## TASK TO COMPLETE
Could you reproduce every record below exactly, excluding all pictures?

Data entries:
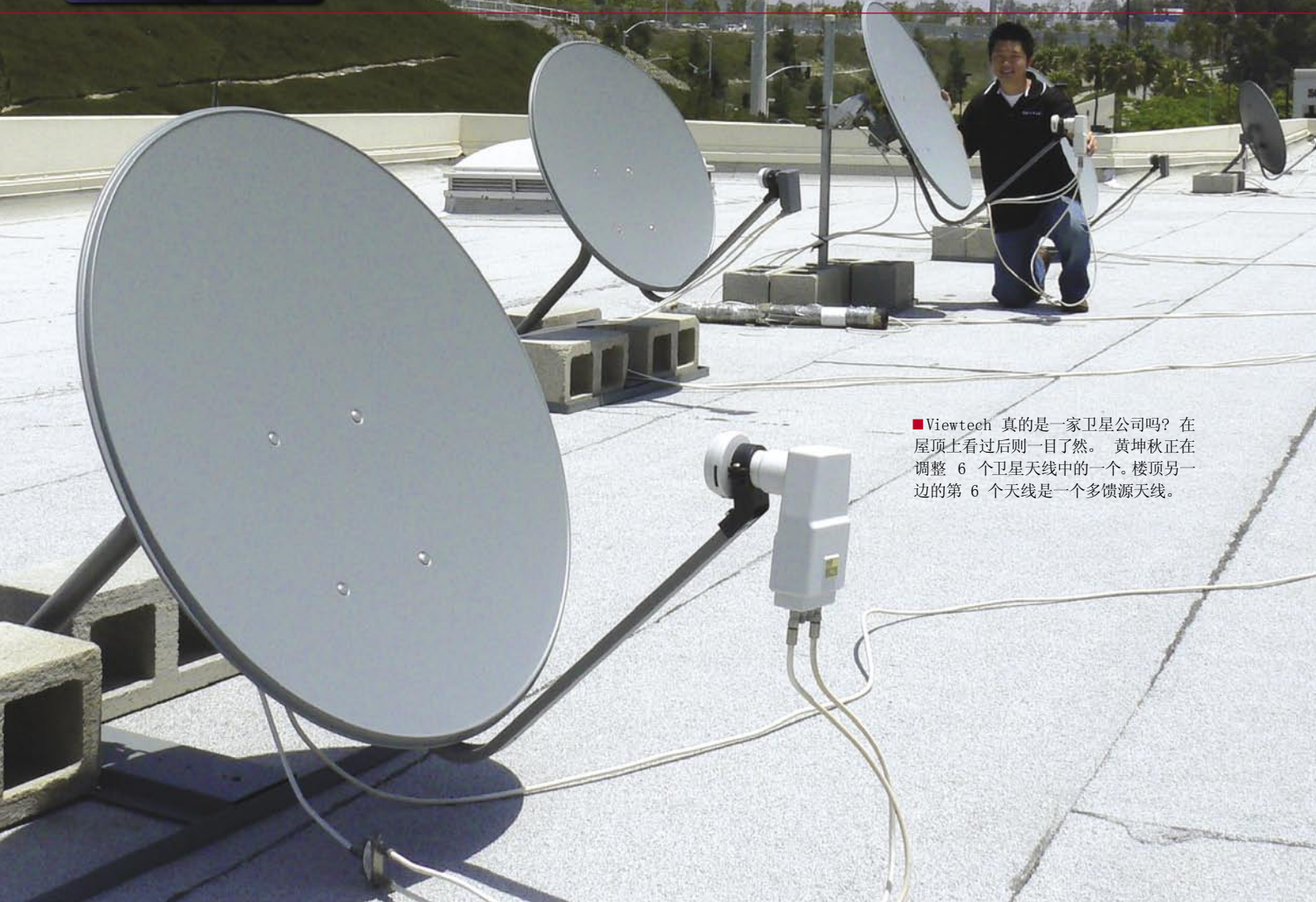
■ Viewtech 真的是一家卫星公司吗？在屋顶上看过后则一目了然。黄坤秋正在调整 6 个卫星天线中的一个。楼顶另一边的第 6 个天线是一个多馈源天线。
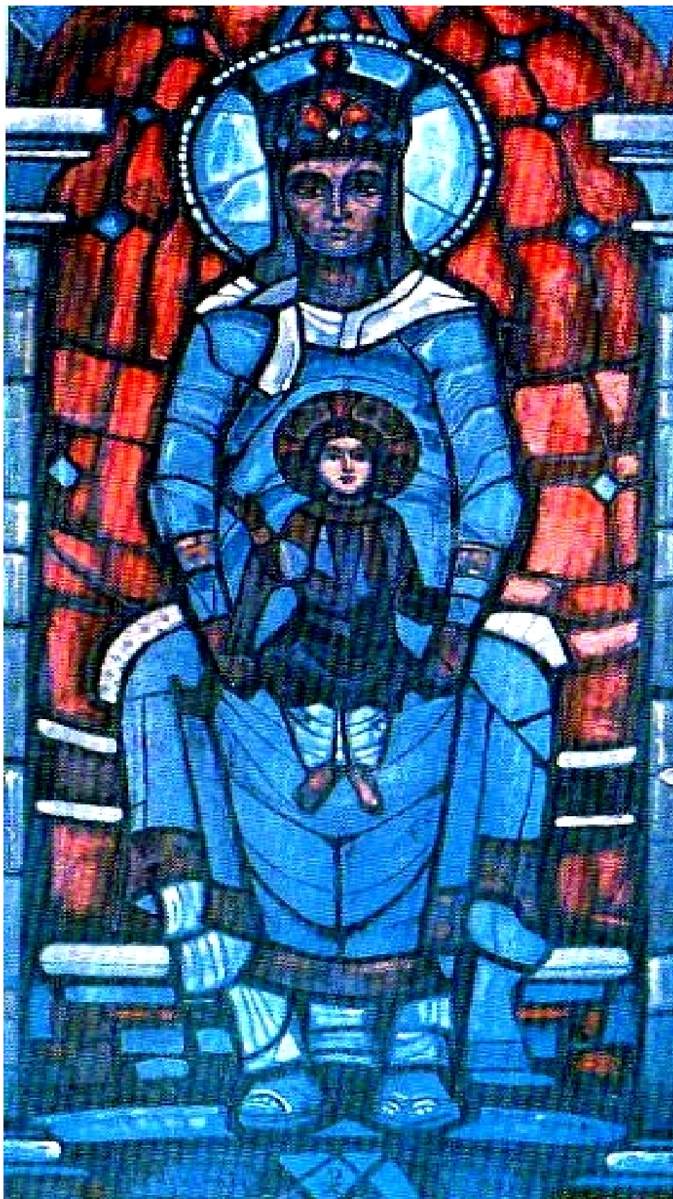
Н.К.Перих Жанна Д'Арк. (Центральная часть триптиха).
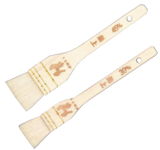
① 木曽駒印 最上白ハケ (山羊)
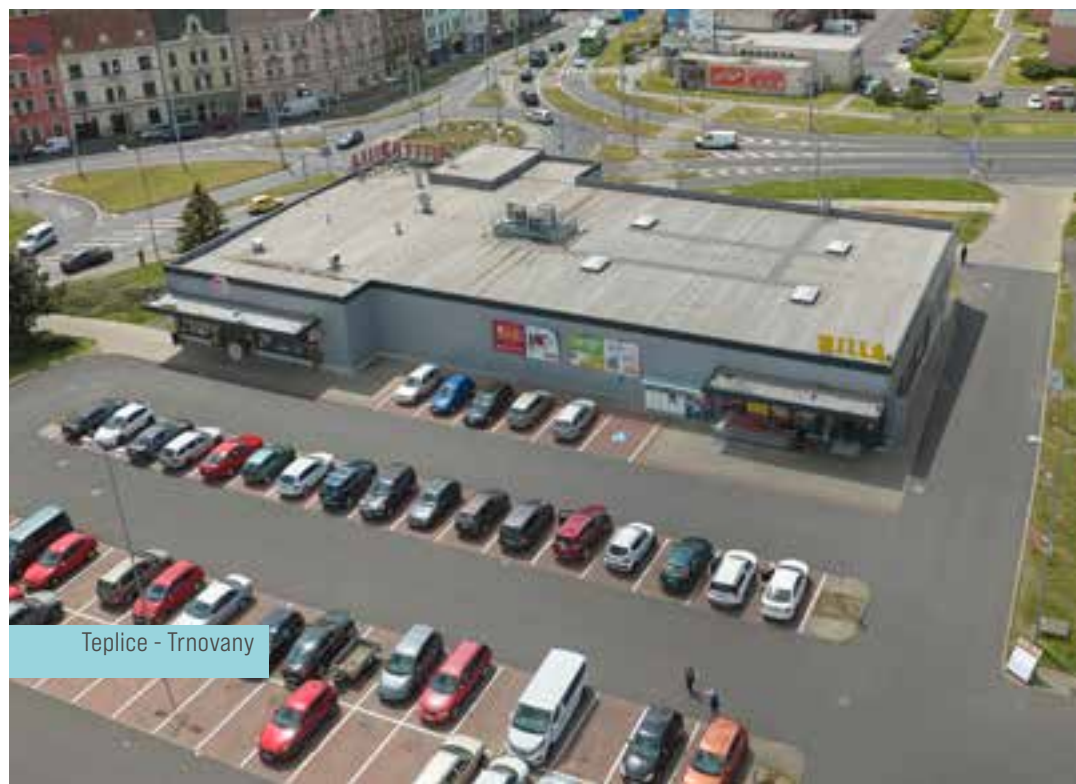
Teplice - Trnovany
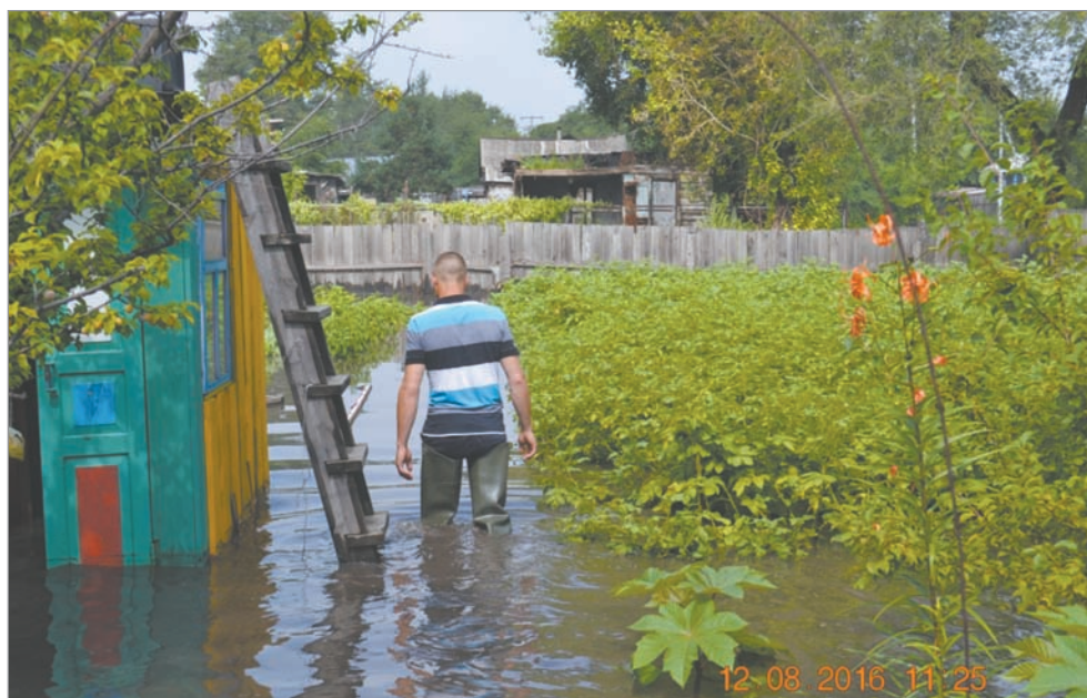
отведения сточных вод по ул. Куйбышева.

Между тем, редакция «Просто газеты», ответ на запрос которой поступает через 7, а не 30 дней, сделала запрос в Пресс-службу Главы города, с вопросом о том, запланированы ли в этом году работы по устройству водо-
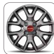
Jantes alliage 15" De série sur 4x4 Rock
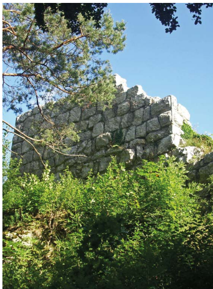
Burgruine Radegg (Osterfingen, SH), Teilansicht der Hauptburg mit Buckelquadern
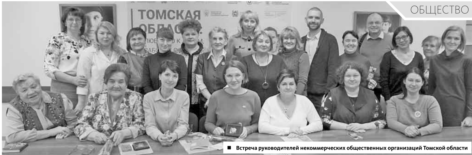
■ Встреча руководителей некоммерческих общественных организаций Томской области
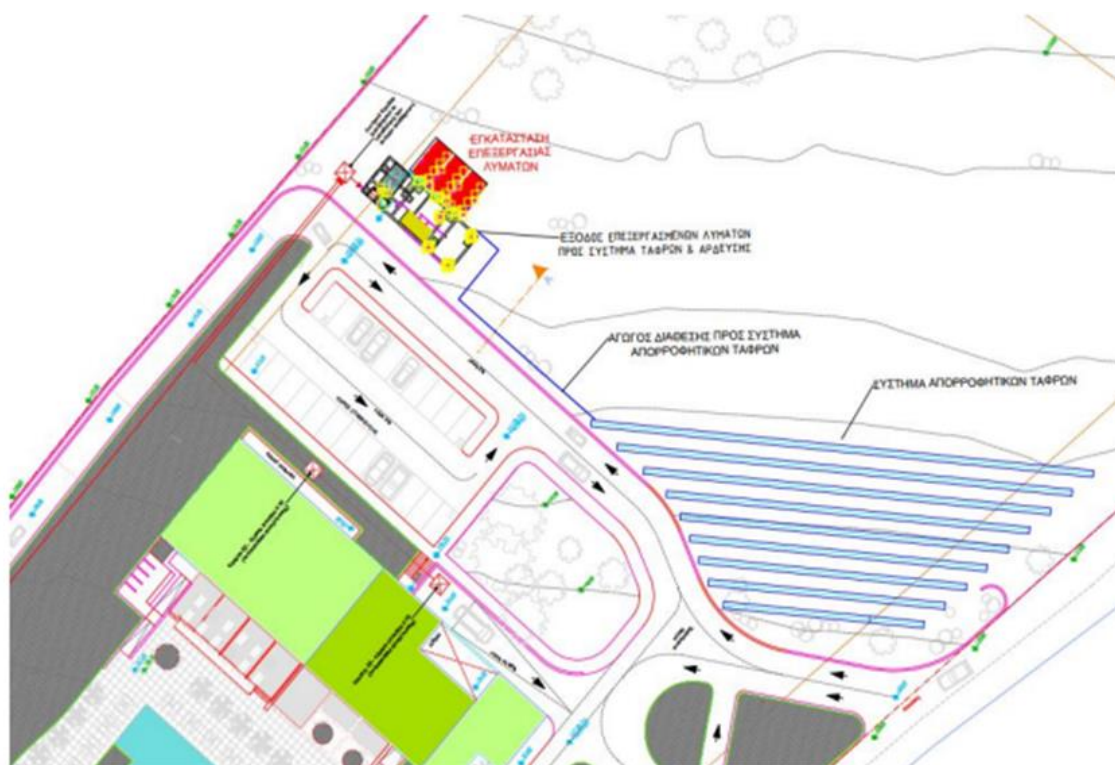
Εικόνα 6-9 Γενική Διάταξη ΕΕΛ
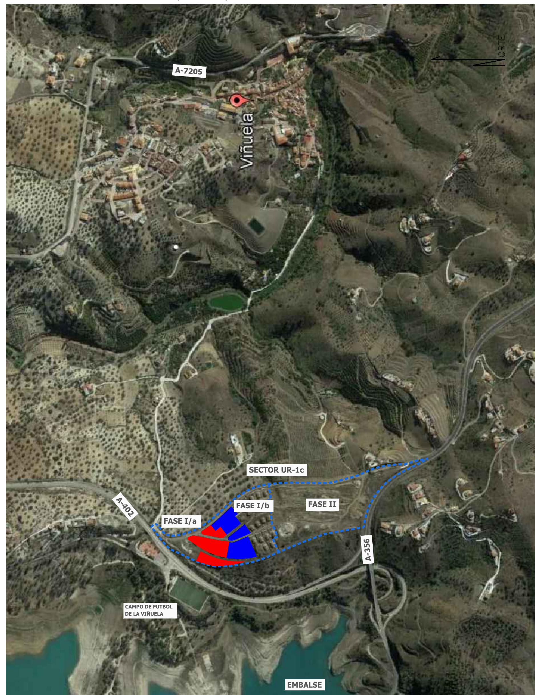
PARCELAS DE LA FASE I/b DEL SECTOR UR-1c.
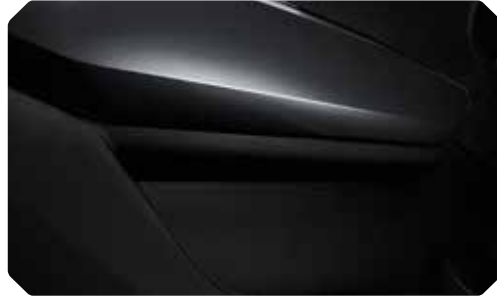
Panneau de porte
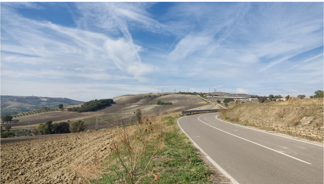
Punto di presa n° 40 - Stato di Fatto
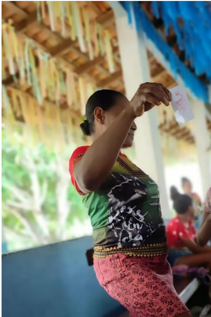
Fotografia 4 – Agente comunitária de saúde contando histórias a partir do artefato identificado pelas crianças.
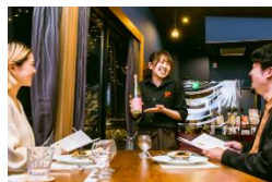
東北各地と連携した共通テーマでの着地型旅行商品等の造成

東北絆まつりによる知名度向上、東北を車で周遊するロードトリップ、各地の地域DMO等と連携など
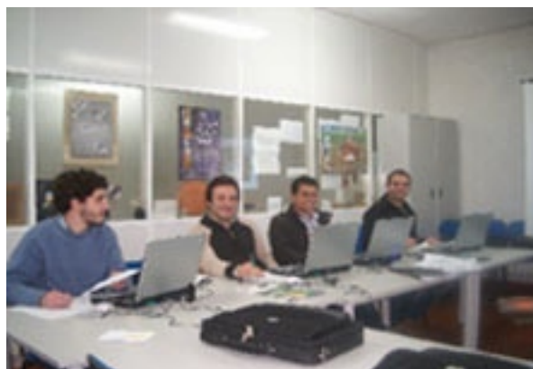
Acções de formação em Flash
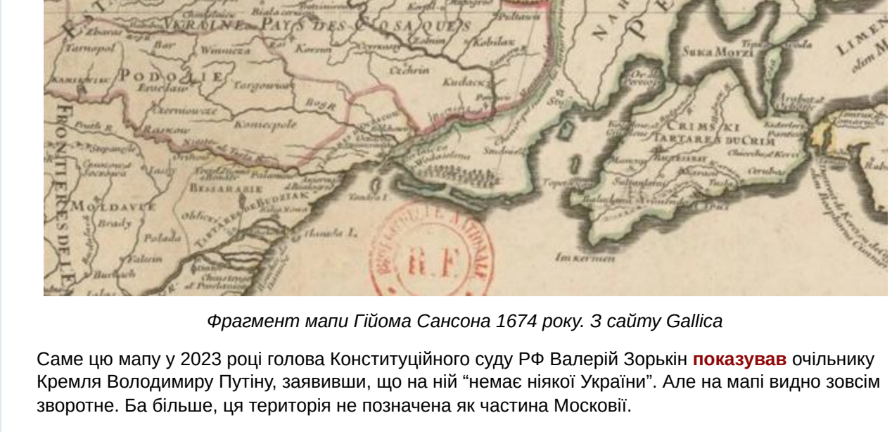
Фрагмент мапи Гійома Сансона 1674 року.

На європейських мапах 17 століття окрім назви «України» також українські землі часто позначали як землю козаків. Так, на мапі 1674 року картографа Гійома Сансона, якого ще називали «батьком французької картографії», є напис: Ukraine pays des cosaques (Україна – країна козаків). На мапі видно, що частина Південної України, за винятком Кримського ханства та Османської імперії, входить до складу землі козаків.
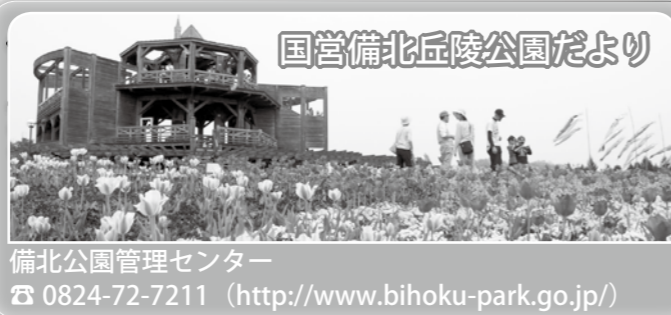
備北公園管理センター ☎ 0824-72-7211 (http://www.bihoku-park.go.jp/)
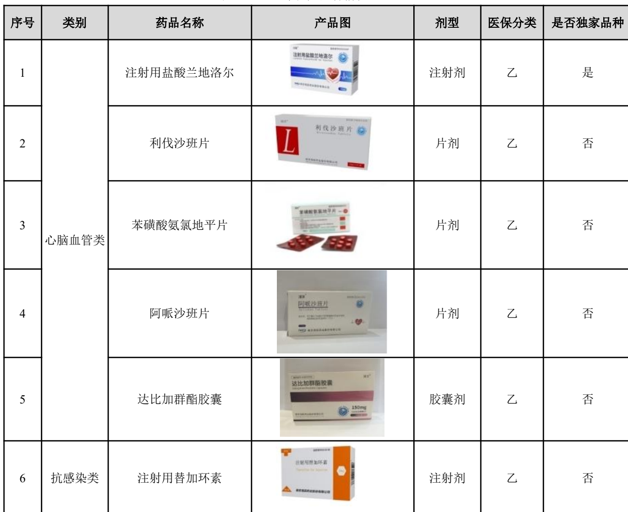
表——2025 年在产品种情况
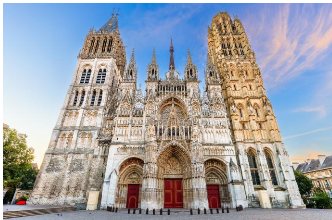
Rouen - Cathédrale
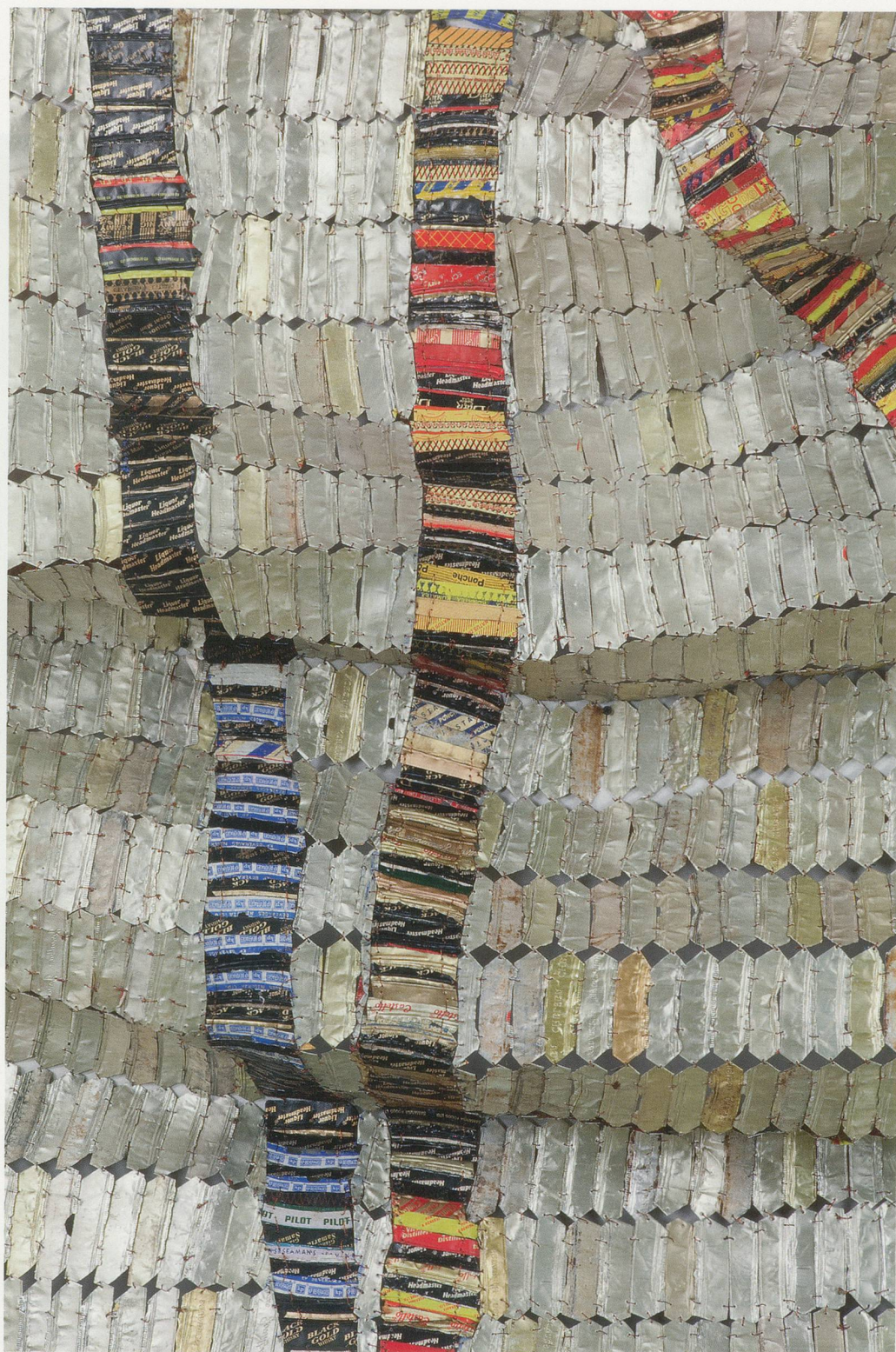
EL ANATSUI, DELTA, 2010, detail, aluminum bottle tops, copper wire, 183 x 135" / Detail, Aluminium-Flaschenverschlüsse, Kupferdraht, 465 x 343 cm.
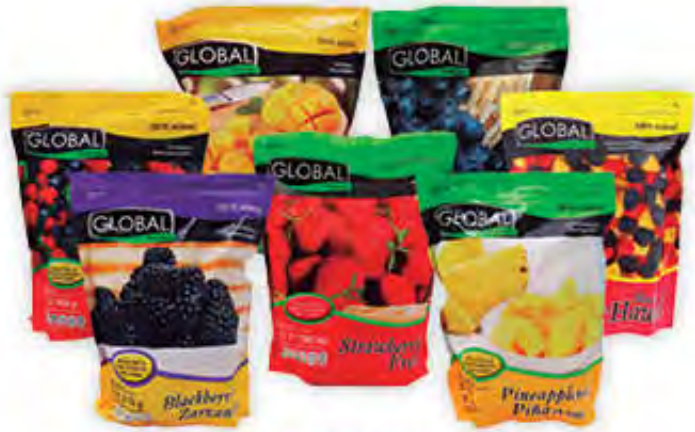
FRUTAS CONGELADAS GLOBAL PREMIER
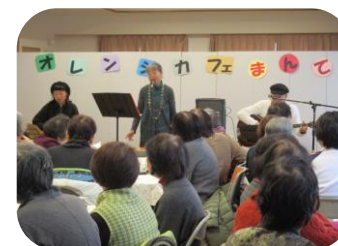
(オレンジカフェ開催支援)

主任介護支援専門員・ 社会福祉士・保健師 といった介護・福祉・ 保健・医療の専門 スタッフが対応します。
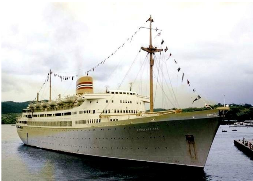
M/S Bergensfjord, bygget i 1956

## ANSWER TO THIS TASK
■ Viewtech 真的是一家卫星公司吗？在屋顶上看过后则一目了然。黄坤秋正在调整 6 个卫星天线中的一个。楼顶另一边的第 6 个天线是一个多馈源天线。
Н.К.Перих Жанна Д'Арк. (Центральная часть триптиха).
① 木曽駒印 最上白ハケ (山羊)
Teplice - Trnovany
отведения сточных вод по ул. Куйбышева.

Между тем, редакция «Просто газеты», ответ на запрос которой поступает через 7, а не 30 дней, сделала запрос в Пресс-службу Главы города, с вопросом о том, запланированы ли в этом году работы по устройству водо-
Jantes alliage 15" De série sur 4x4 Rock
Burgruine Radegg (Osterfingen, SH), Teilansicht der Hauptburg mit Buckelquadern
■ Встреча руководителей некоммерческих общественных организаций Томской области
Εικόνα 6-9 Γενική Διάταξη ΕΕΛ
PARCELAS DE LA FASE I/b DEL SECTOR UR-1c.
Panneau de porte
Punto di presa n° 40 - Stato di Fatto
Fotografia 4 – Agente comunitária de saúde contando histórias a partir do artefato identificado pelas crianças.
東北各地と連携した共通テーマでの着地型旅行商品等の造成

東北絆まつりによる知名度向上、東北を車で周遊するロードトリップ、各地の地域DMO等と連携など
Acções de formação em Flash
Фрагмент мапи Гійома Сансона 1674 року.

На європейських мапах 17 століття окрім назви «України» також українські землі часто позначали як землю козаків. Так, на мапі 1674 року картографа Гійома Сансона, якого ще називали «батьком французької картографії», є напис: Ukraine pays des cosaques (Україна – країна козаків). На мапі видно, що частина Південної України, за винятком Кримського ханства та Османської імперії, входить до складу землі козаків.
備北公園管理センター ☎ 0824-72-7211 (http://www.bihoku-park.go.jp/)
表——2025 年在产品种情况
Rouen - Cathédrale
EL ANATSUI, DELTA, 2010, detail, aluminum bottle tops, copper wire, 183 x 135" / Detail, Aluminium-Flaschenverschlüsse, Kupferdraht, 465 x 343 cm.
FRUTAS CONGELADAS GLOBAL PREMIER
(オレンジカフェ開催支援)

主任介護支援専門員・ 社会福祉士・保健師 といった介護・福祉・ 保健・医療の専門 スタッフが対応します。
M/S Bergensfjord, bygget i 1956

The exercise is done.